INVESTIGADORES
PLOT Martin Fernando
congresos y reuniones científicas
Título:
The Flesh of the Social and the Enigma of Democracy
Autor/es:
MARTIN PLOT
Lugar:
Tampa Bay
Reunión:
Congreso; 2003 International Social Theory Consortium; 2003
Institución organizadora:
Social Theory Consortium
Resumen:
Maurice Merleau-Ponty’s Phenomenology of Perception, published in 1945, was a systematic critique of both the empiricist and idealist understandings of the sensible experience. These approaches, he told us, remained trapped in the pendulum that goes from an immaterial idea of the subject to a positive notion of the object, between the for-itself and the in-itself. However, his The Visible and the Invisible, the book he was writing at the moment of his death in 1961, tries to go even further. On the one hand, the work is unfinished in the obvious sense that the author himself was unable to exhaust his own impulse and shape his ideas in the more or less conclusive form of a finished book. But, on the other hand, it is unfinished in the awkward way in which even finished works are—i.e., The Visible and the Invisible is, and cannot avoid being, a beginning that becomes, in others, an inspiration that will lead to new, unforeseen horizons.
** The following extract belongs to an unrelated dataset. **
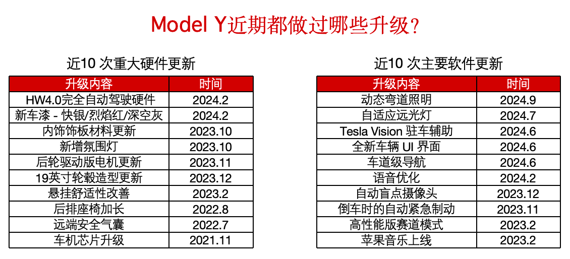 硬件上,今年,Model Y在智能、座舱、性能等方面刚刚进行了全面的产品升级,搭载多色氛围灯、标配远端安全气囊、可选全新车漆“快银”,还有更新设计的19英寸双子星轮毂等外观升级。同时,Model Y后轮驱动版百公里加速能力,相比此前车型提升1秒,足以媲美大部分燃油超跑。
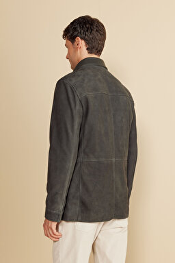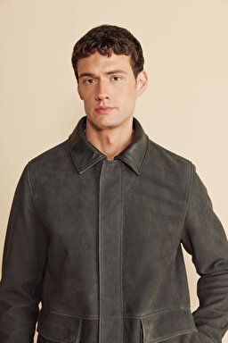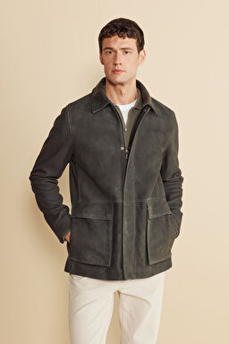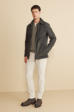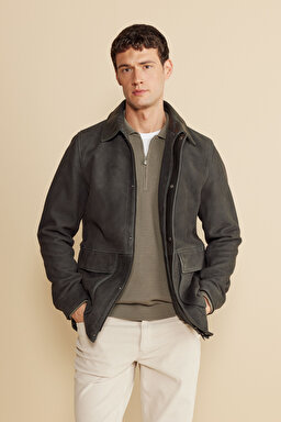 Deri Yaka Detaylı Kapak Cep Süet Mont

The central notion of Merleau-Ponty’s late work is that of flesh—a reversible and indeterminate element that cannot be reduced to the old notions of subject or object. The notion of flesh, particularly when used to describe the complex intermingling of the social and the political in modern societies, would later become the horizon in which Claude Lefort, his former student, friend, and editor, would inscribe what he called the “enigma of democracy.” This paper is an attempt to prepare the field for a theory of democracy that will put at the center of its normative considerations the questions of political society and political action in contemporary democracies.